If you reversed the order you could break reads—so don’t.
---
## Pseudocode (sketch)
```rust
struct ReclaimOpts {
max_columns: usize, // how many columns to consider this run
max_candidates_per_col: usize, // oldest segments to test per column
max_newer_to_check: usize, // how many newer segments to consult (newest-first)
max_keys_to_check: Option<usize>,// Some(N)=>sample/early-exit; None=>check all keys
min_shadowed_fraction: f32, // e.g. 1.0 for “fully”; or <1.0 if you later add partial rewrite
}
fn reclaim_budgeted<P: Pager>(store: &ColumnStore<P>, opts: ReclaimOpts) {
// 1) Pick columns with largest segment counts.
let columns = pick_columns_by_segment_count(store, opts.max_columns);
for fid in columns {
// 2) Oldest-first candidates.
let segs = store.colindex(fid).segments.clone();
for cand in segs.iter().rev().take(opts.max_candidates_per_col) {
// 3) Collect up to K newer segments that overlap [min,max] by key-range.
let newer = newest_overlapping_segments(&segs, cand, opts.max_newer_to_check);
// 4) Load typed index data for {cand} + {newer}. No data blobs.
let typed = batch_load_index_segments(newer.iter().chain([cand]));
// 5) For each key in cand (or a sample):
// - binary_search across newer (newest-first)
// - count as shadowed if found OR if found with zero-length (tombstone).
let shadowed_ratio = check_shadowed_fraction(&typed, cand, opts.max_keys_to_check);
if shadowed_ratio >= opts.min_shadowed_fraction {
// 6) Persist ColumnIndex without cand, then free cand.index_pk & cand.data_pk.
persist_colindex_without(store, fid, cand.index_physical_key);
store.do_frees(&[cand.index_physical_key, cand.data_physical_key]);
// budgeted: optionally stop early if we hit a per-run free limit
}
}
}
}
```
**Notes**
* `newest_overlapping_segments` uses `[min,max]` to prune aggressively.
* `check_shadowed_fraction` uses binary search with the keys from `cand` against each newer segment’s key layout; tombstone detection = `a == b` in `value_offsets`.
* Start with `min_shadowed_fraction = 1.0` (only full reclaims).

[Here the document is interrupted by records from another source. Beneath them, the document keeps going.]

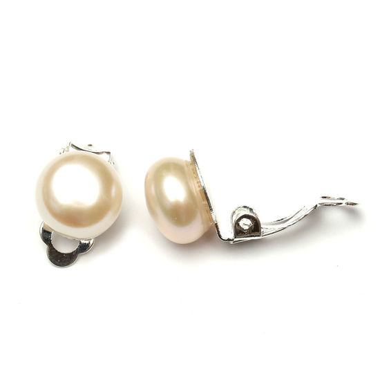 Weiße Perlen aus Süßwasserkultur auf versilberten Clips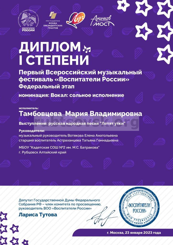 АРОО «ВПК «Отчизны верные сыны», созданная на базе МБОУ «СОШ №23», стала победителем в грантовом конкурсе, проводимым Фондом президентских грантов, с проектом «Мы – дети твои, Россия!». Размер гранта составил 2 338 084,00 рублей.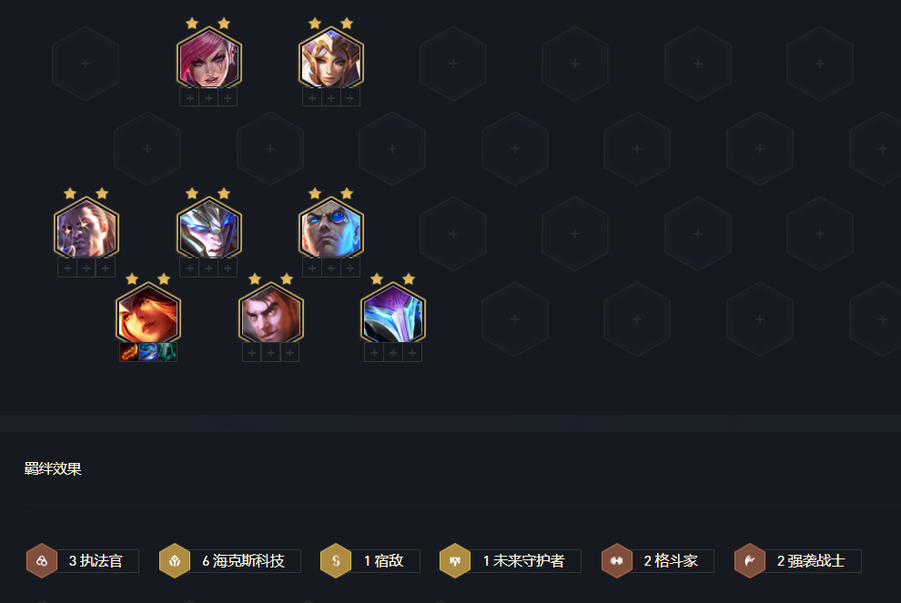 第二套阵容就是比较主流的以海克斯科技搭配强袭战士为主的玩法,这套玩法已四费卡希维尔为核心输出,以当前版本被增强的海克斯科技羁绊为核心,搭配上强袭战士凑成一套强力阵容,但不由于海克斯科技技能里面除了牛头之外缺少坦度足够的前排,所以在这里我们不选择搭配四强袭战士,毕竟两强袭战士带给希维尔的输出就完全足够,只要前排够硬希维尔才能打出足够高的输出。

Partial compaction is optional future work.
---
## Performance Characteristics
* **Memory:** bounded by the number of typed segments you load concurrently (1 candidate + K newer). No data blobs are fetched.
* **I/O:** one batched typed get for that small set, plus a single typed put (ColumnIndex) and 2 frees when reclaiming.
* **Time:** roughly `O(|keys_in_candidate| * log K)` per candidate (binary search over ≤K newer segments).
---
## Practical Defaults (good starting points)
* `max_columns`: 4–16
* `max_candidates_per_col`: 2–8 (oldest first)
* `max_newer_to_check`: 4–16 (newest first)
* `max_keys_to_check`: `None` (exact) or `Some(4_096)` with early-exit once “not fully shadowed” is proven
* `min_shadowed_fraction`: `1.0` (full reclaim)
These are **reclaim-only knobs** (unrelated to ingest or read paths).
---
## Metrics to Watch
Use `IoStats`:
* **`get_typed_ops`** during reads: stays ≈1/key when overlap is small; climbs as overlap grows.
* **`free_ops`** during GC runs: confirms reclaimed keys.
* Consider tracking “segments per column” and “bytes freed” (estimated from `describe_storage()`).
---
## What This GC Does Not Do (yet)
* **Partial compaction** (rewriting a candidate with only its live subset). That’s a follow-up once full-shadow reclaim is stable.
* **Global dedupe** across many segments at once.
* **Background threads**: you can still run it periodically or after `append_many` when segment count crosses a threshold.
---
## TL;DR
* You don’t **need** GC for correctness; reads are already correct and efficient when overlap is small.
* Add a **budgeted, index-only** reclaim pass that removes **fully shadowed** old segments.
* Run it **occasionally** (threshold-triggered or scheduled) with small budgets so it never tries to load “everything.”
* Update ColumnIndex **first**, then free pkeys—safe and simple.